Je suis adossé au mur de la Coop, emmitouflé dans une couverture, ma tablette sur les genoux je regarde les nouvelles fraiches d’un monde pourri. Un sac à dos, une brique de thé froid, des chips, feuilles et tabac à rouler sont posés négligemment à mes pieds. Une homme d’une trentaine d’années marche dans ma direction, brun et basané, une tête de rebeu, il s’arrête devant moi et me salue.

– Excusez-moi vous n’avez pas de maison, d’appartement?

– Ben non…

– Qu’est ce qui vous est arrivé, pour vous retrouver comme ça?

– Bah rien d’extraordinaire, en général c’est soit la faute d’un proprio soit celle d’une femme, cette fois c’est une femme.

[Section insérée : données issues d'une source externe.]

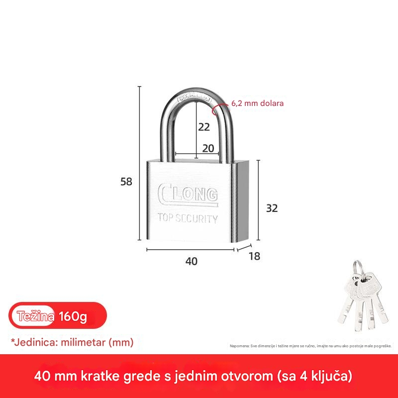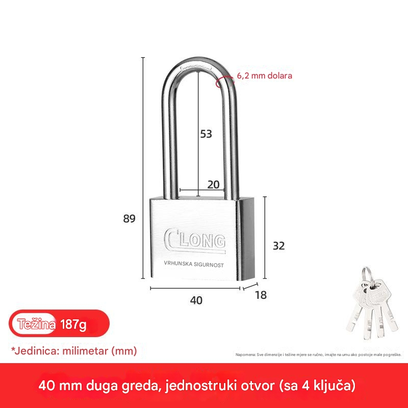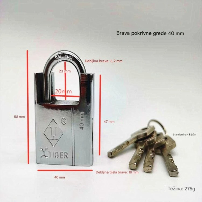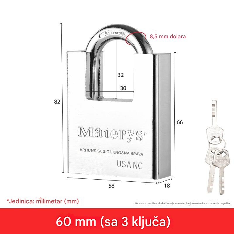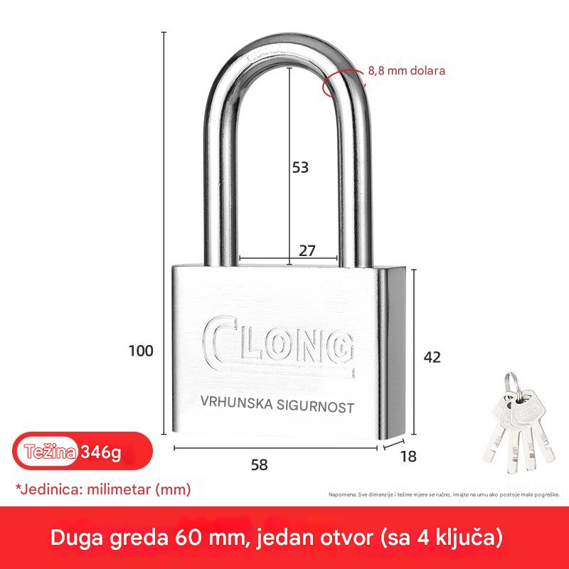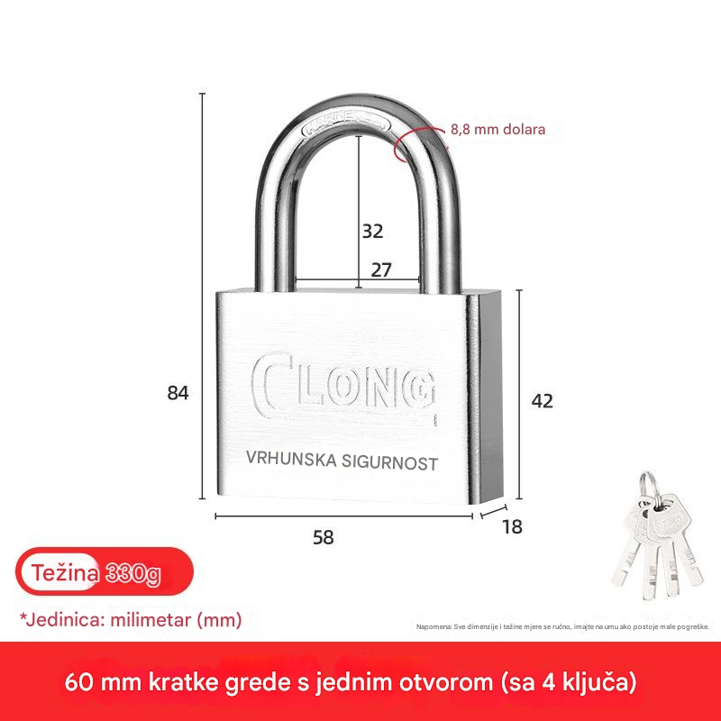 Čelična brava za teške uslove sa 4 kvadratna sečiva i nerđajućom glavom – Brava za vrata, kapije, sefove, škrinje, otporna na neovlašćeno otvaranje, za kancelariju ili poslovne prostore (bez ključa/pristupa)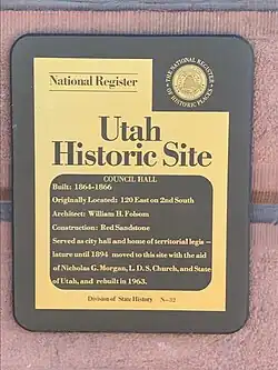 Located across the street from the Utah State Capitol, the structure houses office space for the Utah Office of Tourism and the Utah Film Commission, along with a gift shop on its main level. It was designated a National Historic Landmark in 1975, as an emblem of (and site of events relating to) the conflicts between the governments of the Utah Territory and the United States in the 19th century.[3]

– Vous avez besoin de quelque chose?

Étant habitué à l’indifférence et à l’égoïsme des passants sur le moment la question avait un coté surréaliste.

– Heu non, merci c’est sympa mais j’ai ce qu’il me faut, lui répondis-je en désignant mon thé froid et mes chips. Il me dit au revoir puis fait demi-tour.

Dix minutes plus tard j’aperçois le même homme accompagné d’une jeune fille, elle doit avoir 12-13 ans et tient une assiette cellophanée, lui un sac plastique, les deux viennent dans ma direction.
Le père (oui ils sont père et fille) m’explique que ça fait depuis la veille que sa gamine me voit au même endroit et lui demande s’il s’agit d’un SDF et ce qu’on peut faire pour lui. Ils sont donc venus m’apporter un émincé de poulet avec une sauce aux champignons, des choux-fleurs, du riz et dans le sac plastique il y avait des bonbons (Haribo-Coca) et deux cannettes de jus de fruit. Ensuite il m’a donné son adresse ainsi que son nom de famille afin que je puisse mettre l’assiette et les couverts dans la boîte à lettre. J’ai mangé, c’était chaud, c’était bon et lorsque j’ai été mettre les couverts dans la boîte à lait il avait une carte signé “Hamed et Yasmina” avec une billet de 10.- .

En parlant des anars Brel chantait “Y’en a pas un sur cent et pourtant ils existent” apparemment c’est pareil pour les gens bien, il y en pas des masses mais on est bien content de tomber sur eux.

 

Traduction de l’image: Sadaqa en arabe qui veut dire aumône.